Теория страсти - Мэй Сандра. Страница 22
На песок упали обрывки белых когда-то брюк. Потом тонкая тряпочка неизвестного назначения. Потом лохмотья блузки. Дик с интересом рассматривал их, стараясь не смотреть на стройные лодыжки босых ног, стоявших совсем рядом, и уж ни в коем случае не поднимать глаза выше.
Потом его волос коснулась ее рука, чуть дрожащая и теплая. Дик поднял голову. Замер.

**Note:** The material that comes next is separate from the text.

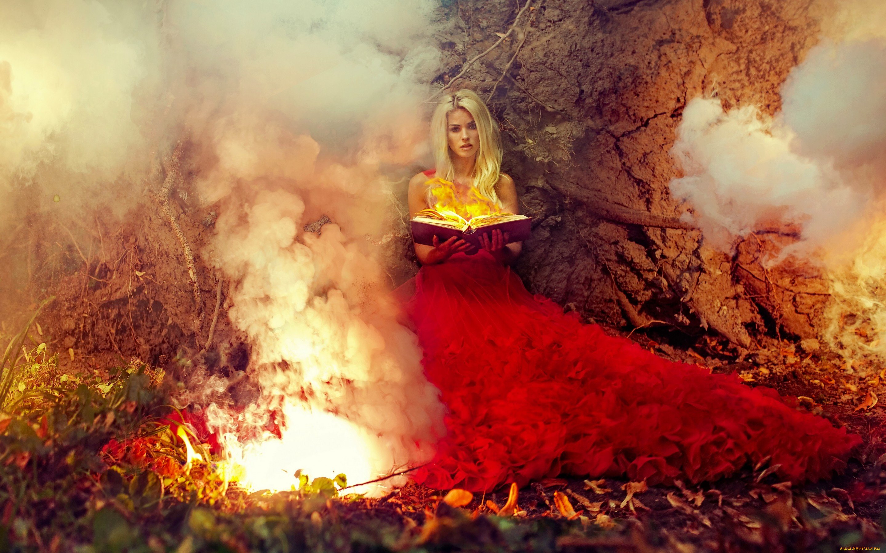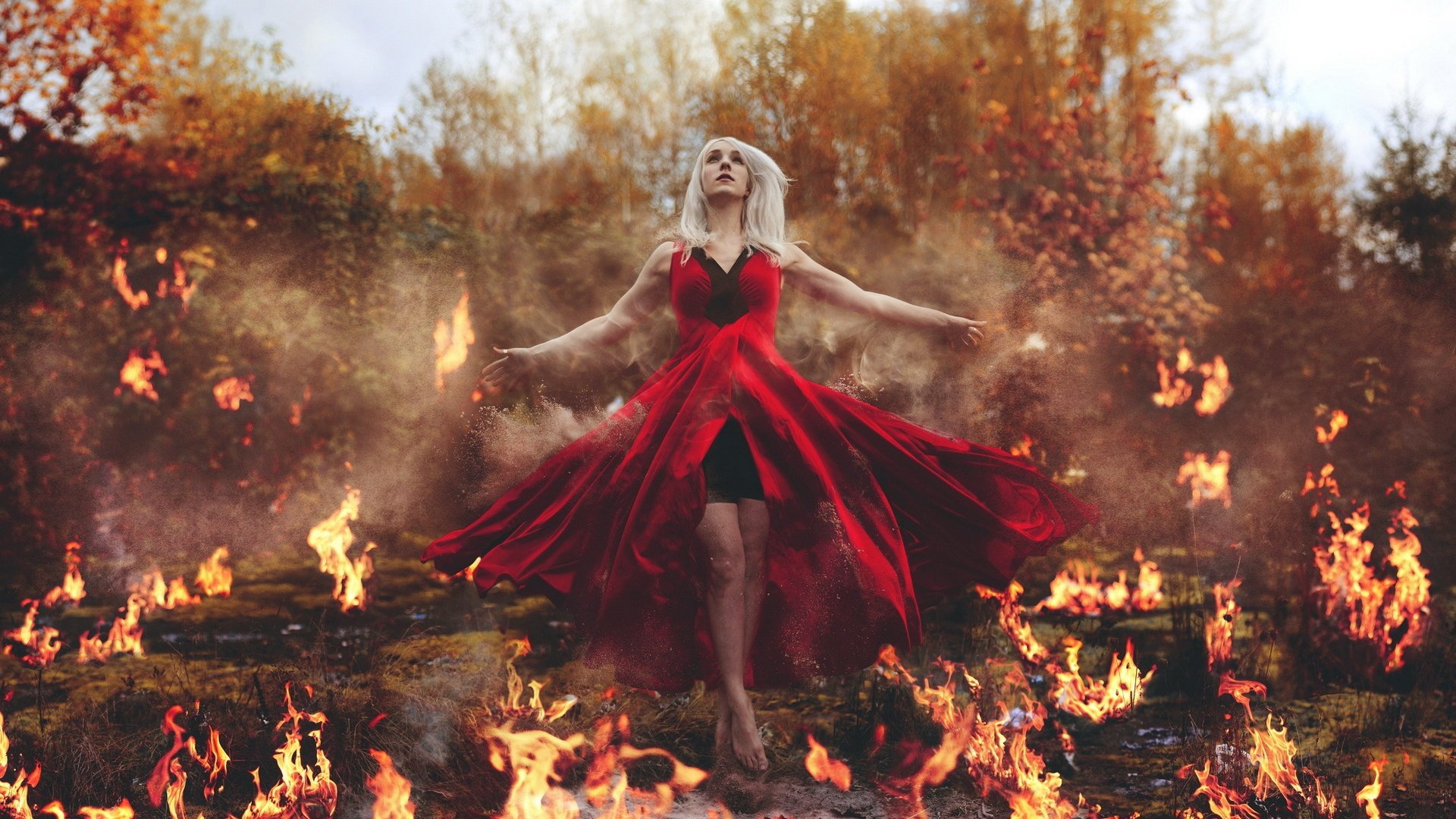 Девушка на фоне пожара

Он пил ее глазами, впитывал в себя, наслаждаясь одним только образом, видом, зрелищем, не стремясь к большему и боясь мечтать о нем. А она протянула вторую руку, жестом заставляя его подняться.
Дик Джордан вздохнул, словно сваливая с плеч огромную каменную глыбу, распрямился и недрогнувшей рукой освободился от ставших неимоверно тесными остатков одежды. Именно в этот миг взошло солнце, заливая их обнаженные тела золотом и нежностью.
Они взялись за руки и медленно пошли в воду. Океан принимал их ласково, смывая кровь и грязь, успокаивая боль и ломоту в избитых телах, наливая силой и спокойной уверенностью в своей правоте.
Сквозь бирюзовую воду тело девушки отливало серебром и перламутром, ее кожа была такой же нежной, как вода…
Она без страха, без тени сомнения или смущения смотрела на сильного, красивого мужчину, стоящего перед ней, узнавала его, открывала заново, поражаясь тому, как много она уже о нем знает.
Знает, какие нежные у него пальцы. Какая горячая кожа. Как он красив. Как не портит его даже страшный шрам.
Руки Конни и Дика встретились — и заскользили по телам друг друга, как серебряные рыбки. Ласкали, гладили, промахивались в обманщице-воде — и вновь находили дорогу.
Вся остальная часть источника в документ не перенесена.